Ha guidato le riflessioni delle due giornate Davide Rondoni, poeta. Nella giornata di domenica un tema e una domanda si sono imposti e speriamo che per molto tempo siano posti al centro di agende politiche e di azioni pratiche, per ora non è così. Il tema è la comunità, la domanda è Corpi intermedi, corpi sfilacciati? Ne hanno parlato Giampaolo Giampaolo Gualaccini (consigliere Non Profit del Cnel), Antonio Romano (presidente Istituto Sacro Cuore di Napoli) e Cesare Moreno (presidente di Maestri di strada Onlus, Napoli).
La parola di Cesare Moreno è quella che ha risuonato forte nella sala della Domus Australia, a via Cernaia a Roma. Luogo di incontro fra pellegrini provenienti dall’Australia soprattutto, stavolta ha ospitato l’esperienza di chi ha scelto di farsi pellegrino nella sua città combattendo la dispersione educativa insieme ad altri generosi educatori e volontari che vanno incontro a ragazzi e ragazze che vivono condizioni di difficoltà e a rischio abbandono scolastico.
«Essere maestri di strada non è stare fisicamente in strada – chiarisce Moreno – ma cercare di rintracciare quei “corpi sfilacciati”, quindi la strada stessa».
Come si fa allora a tenere la vicinanza sociale in una situazione di distanza fisica e assicurare che il corpo della città e della scuola, in particolare, ritrovi coerenza? Prima di tutto «attraverso la solidarietà umana, quella corrente empatica che supera ogni barriera e fa in modo che io mi riconosca nell’altro, citando Aristotele. Lo spirito di solidarietà sociale è riconoscere in sé questa tensione».

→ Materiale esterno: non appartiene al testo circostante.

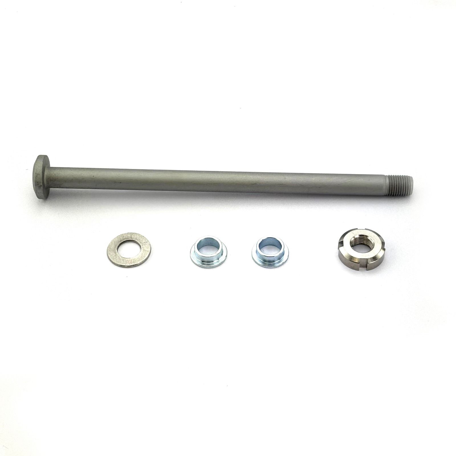 - Complete service kit with axle, nut, shims and bushings

Luogo privilegiato della solidarietà è la scuola, capace di affrontare insieme e ridurre al massimo il rischio, chiamando il cittadino alla responsabilità. Lo stesso cittadino che soffre, che si agita, che ha paura da solo. Insieme è un’altra cosa: «Se non c’è comunità, la responsabilità non esiste, non può essere messa in pratica».

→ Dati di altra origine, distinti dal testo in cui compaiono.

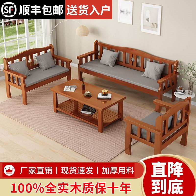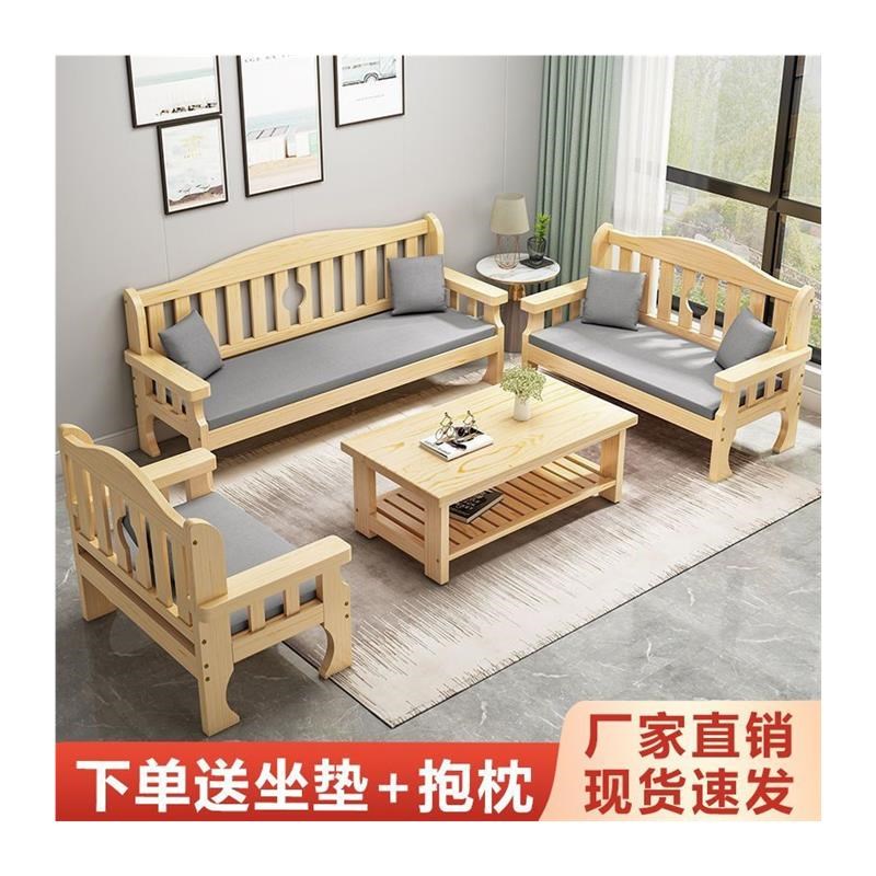 全实木沙发椅茶几组合家用小户型卧室客厅阳台现代简约三人木沙发

E l’esempio è la consegna di «pacchi viveri per la mente» (pacchi personalizzati, con materiale per scrivere e creare, libri, ma anche lettere e doni…), recapitati a duecento ragazzini in difficoltà educativa in aprile. Un altro esempio è la presenza, sui marciapiedi vicino a una scuola, di gazebo che hanno fatto da punto informale di ascolto per i genitori: qui giovani cresciuti con i Maestri di Strada insieme agli educatori hanno controllato le temperature di chi entrava, indirizzato i bambini verso ingressi differenziati, fornito sul campo le regole di igiene e sicurezza da rispettare, soprattutto hanno mitigato tensioni e preoccupazioni. «Tenimm’ ‘a capa fresca» è stato il loro richiamo e la scritta messa sui gazebo: non solo non avere febbre ma condividere idee e progetti per il bene comune. «Questa semplice iniziativa nata da una limitazione ha diminuito lo sfilacciamento del “corpo intermedio”. Perché è dalla fiducia reciproca che viene e si alimenta la comunità».

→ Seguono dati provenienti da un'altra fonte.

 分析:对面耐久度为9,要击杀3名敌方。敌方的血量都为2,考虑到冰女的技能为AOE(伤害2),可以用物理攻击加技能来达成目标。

E poi Moreno ha lasciato la ricetta per le giornate a seguire, quelle che stiamo vivendo e che nelle ultime ore appaiono più difficili da affrontare proprio nella sua città bella e fragile, non unica tuttavia nell’incertezza del presente che la pandemia ha reso più evidente e drammatica. “Quali sono le cose che ci fanno sentire vicini senza toccarci? Le cose belle, come la poesia”.